For Task 2: Data-Patterns and Play, I have chosen Option 2 to find online data sources and detail some ideas on how to use them in the classroom:
- UNData (https://unstats.un.org/unsd/envstats/qindicators.cshtml)
- The United Nations (UN) provide a series of International statistical databases available for download (often in .xlxs or .csv formats)
- An example includes the air pollution database that shows the total volume of CO2 emissions from 1990 to 2018 in 190 countries. This database could be reduced to only include the last decade or only the countries that students have visited, and they can represent that dataset in whatever way they wish. This could link to a Science or Math integrated program.
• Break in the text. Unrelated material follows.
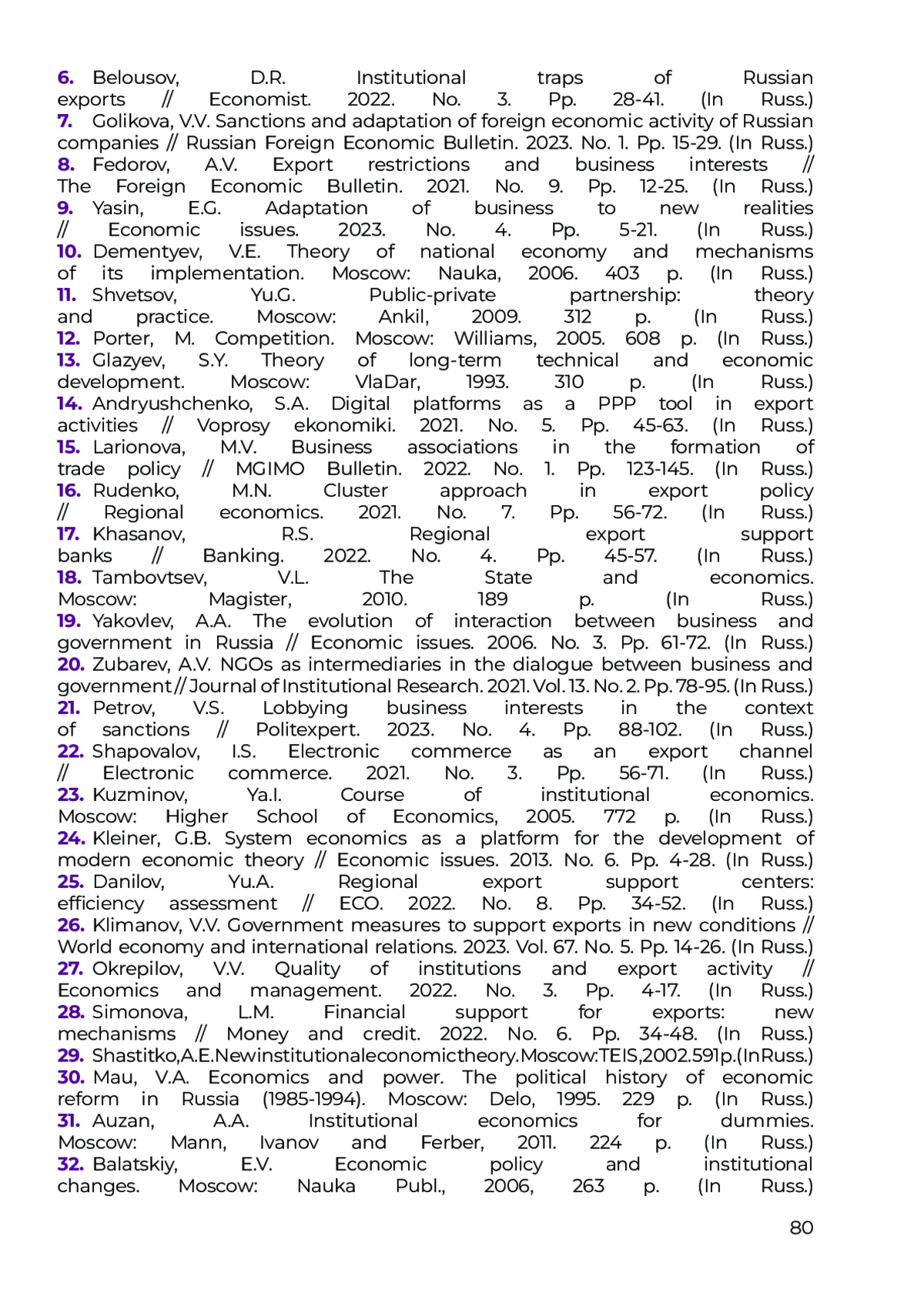 Ключевые фразы: ВНЕШНЕЭКОНОМИЧЕСКАЯ ПОЛИТИКА, взаимодействие государства и бизнеса, государственно-частное партнерство, цифровизация, экспорт, институциональное развитие, нко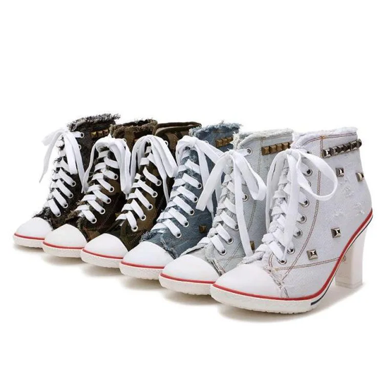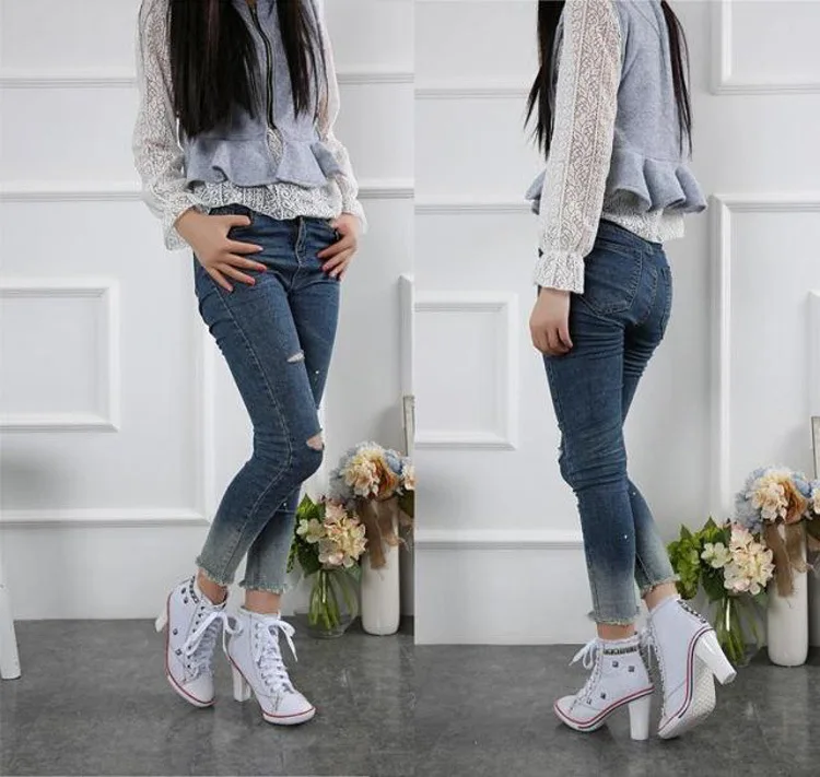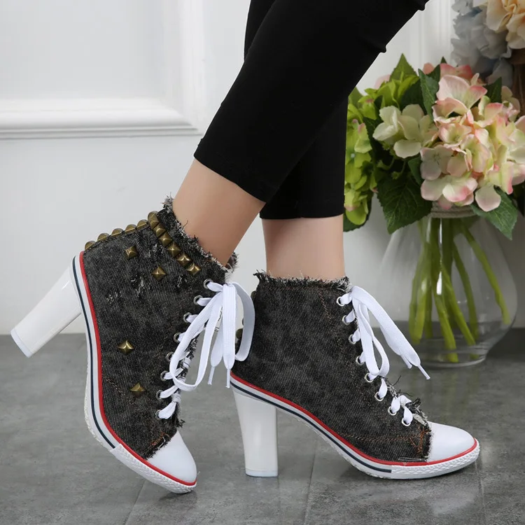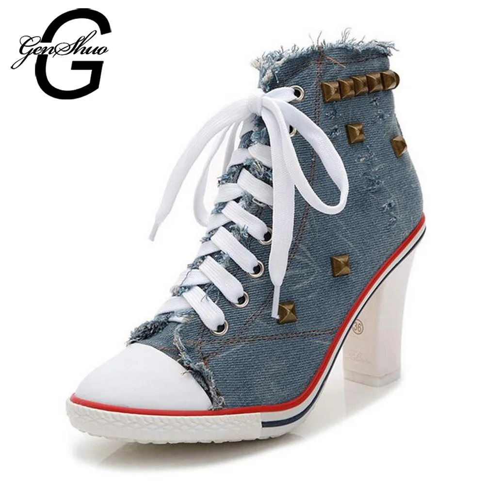 GENSHUO Демисезонные женские короткие джинсовые ботинки с острым носком и заклепками в стиле панк 2019 модные повседневные женские джинсовые ботильоны на массивном высоком каблуке

- Earth Data by NASA (https://earthdata.nasa.gov/)
- By visiting the website link and selecting ‘Visualise Data’, students can explore various types of long-term databases collected using satellites viewing Earth. Patterns can be seen, such as surface UV index is greatest around the equator. Databases also include natural disasters and hazards, and science disciplines. The online database is represented visually using colours to indicate the range distributed around the globe which is stunning and allows students to very easily identify and see patterns.
- A list of other databases that are available online and for free was posted by Piktochart: https://piktochart.com/blog/100-data-sets/
- Here, there is data relating to population statistics, food preferences, the weather, transportation and many more.